▶ **Exercise**
Write out exactly, and only, the lines below from the line with "Дымчатая насадка на" through the line with "Widok na budynki: Krywań"; pictures do not belong in the copy.

**** Data provided ****

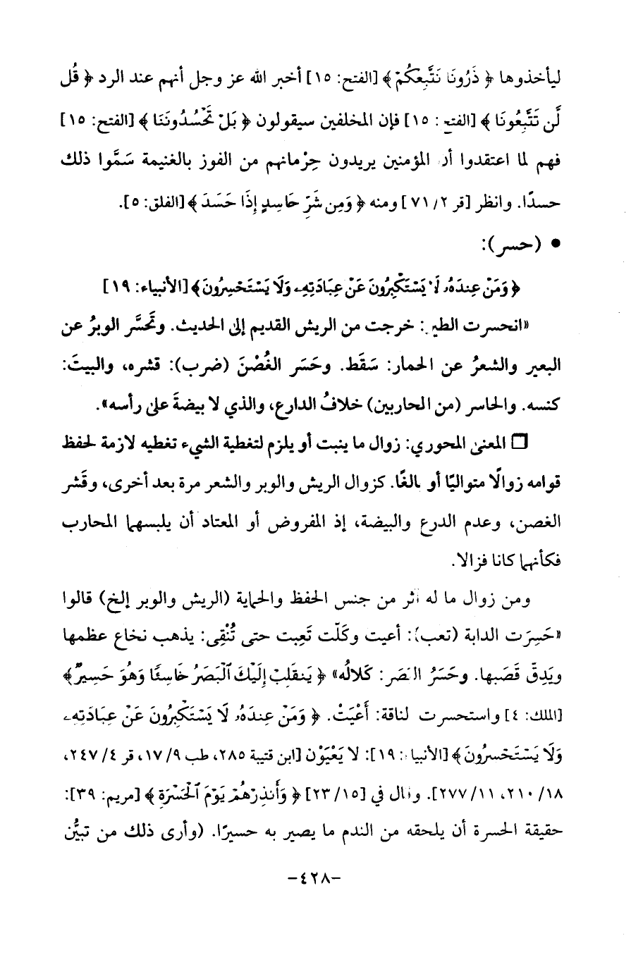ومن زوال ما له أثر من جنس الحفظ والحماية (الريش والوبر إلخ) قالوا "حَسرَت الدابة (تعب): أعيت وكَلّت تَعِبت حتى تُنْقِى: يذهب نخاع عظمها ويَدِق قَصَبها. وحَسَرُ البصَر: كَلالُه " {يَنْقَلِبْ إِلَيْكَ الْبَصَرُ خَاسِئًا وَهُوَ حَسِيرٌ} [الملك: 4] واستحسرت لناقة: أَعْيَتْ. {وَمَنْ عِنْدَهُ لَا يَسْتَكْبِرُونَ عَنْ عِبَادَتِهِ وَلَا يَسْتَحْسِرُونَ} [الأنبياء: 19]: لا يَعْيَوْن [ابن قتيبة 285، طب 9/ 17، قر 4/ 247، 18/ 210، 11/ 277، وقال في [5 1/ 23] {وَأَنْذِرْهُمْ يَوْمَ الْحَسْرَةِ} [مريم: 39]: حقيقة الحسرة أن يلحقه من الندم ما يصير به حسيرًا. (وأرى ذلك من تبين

****
**** Data provided ****

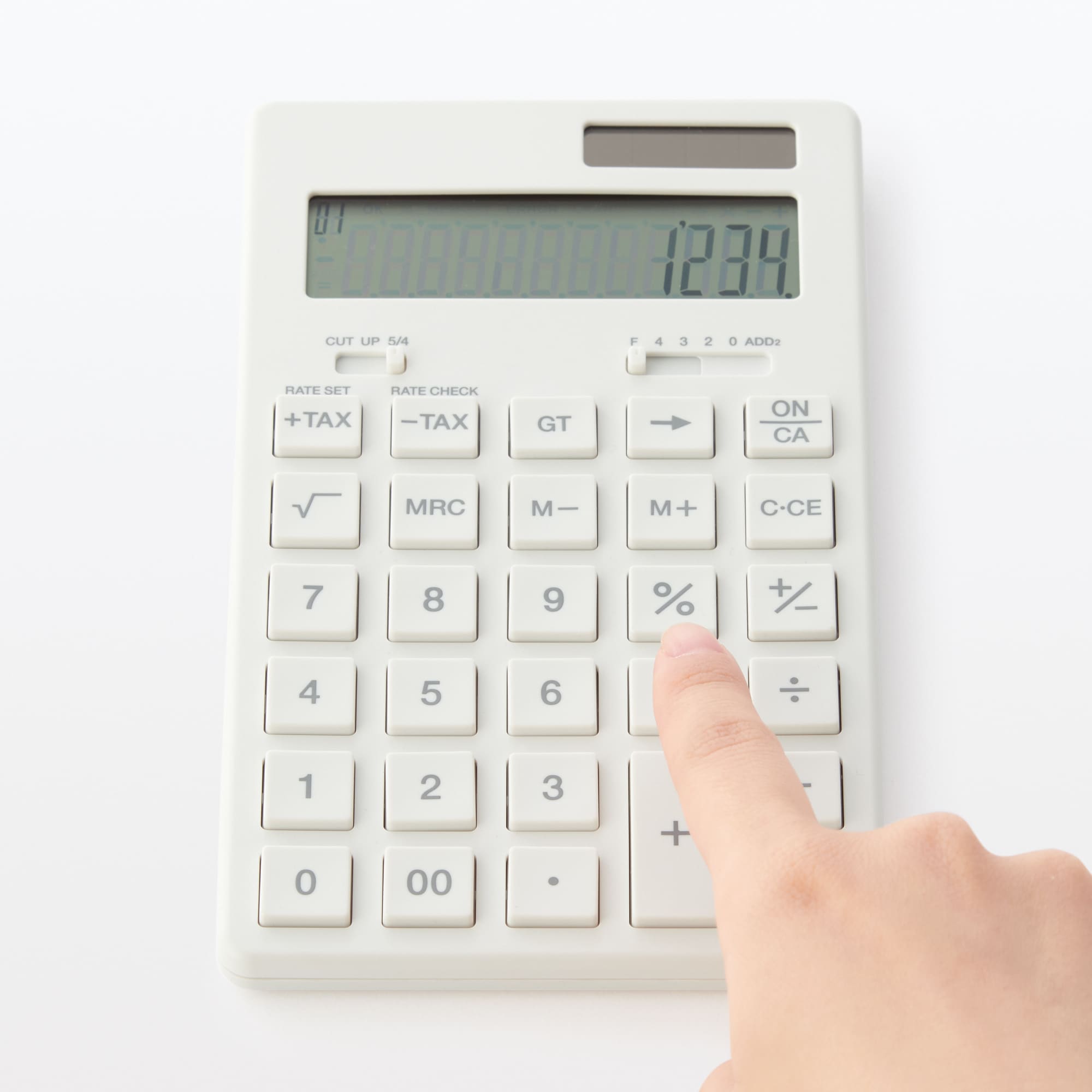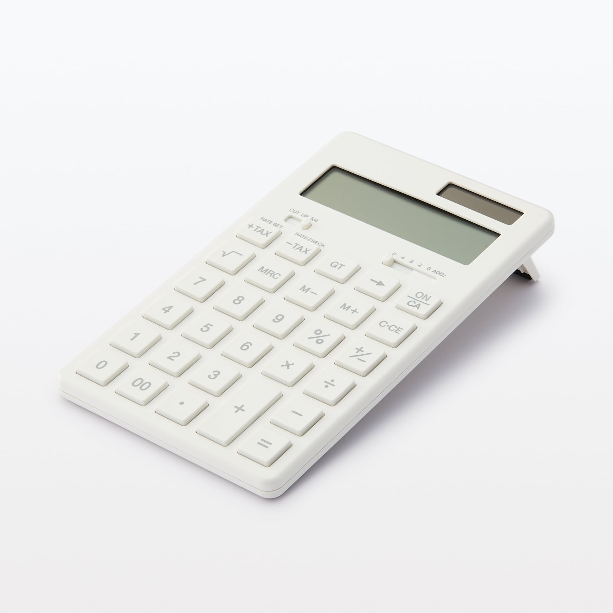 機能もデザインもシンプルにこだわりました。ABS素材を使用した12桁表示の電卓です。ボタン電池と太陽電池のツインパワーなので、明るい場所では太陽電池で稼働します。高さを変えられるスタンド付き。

****
**** Data provided ****

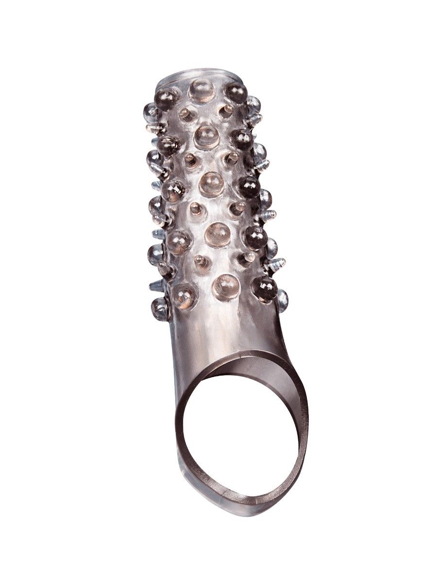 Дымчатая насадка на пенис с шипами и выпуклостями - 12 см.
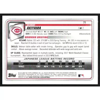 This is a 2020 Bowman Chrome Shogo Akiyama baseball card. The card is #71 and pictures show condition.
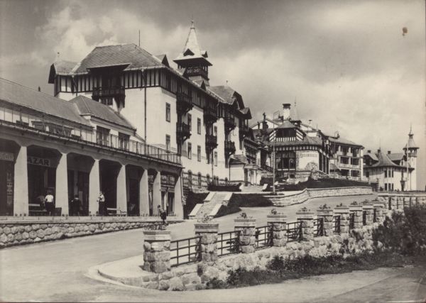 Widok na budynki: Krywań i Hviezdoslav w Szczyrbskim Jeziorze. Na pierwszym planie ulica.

****

▶ **Exercise solution**
 Дымчатая насадка на пенис с шипами и выпуклостями - 12 см.
 This is a 2020 Bowman Chrome Shogo Akiyama baseball card. The card is #71 and pictures show condition.
 Widok na budynki: Krywań i Hviezdoslav w Szczyrbskim Jeziorze. Na pierwszym planie ulica.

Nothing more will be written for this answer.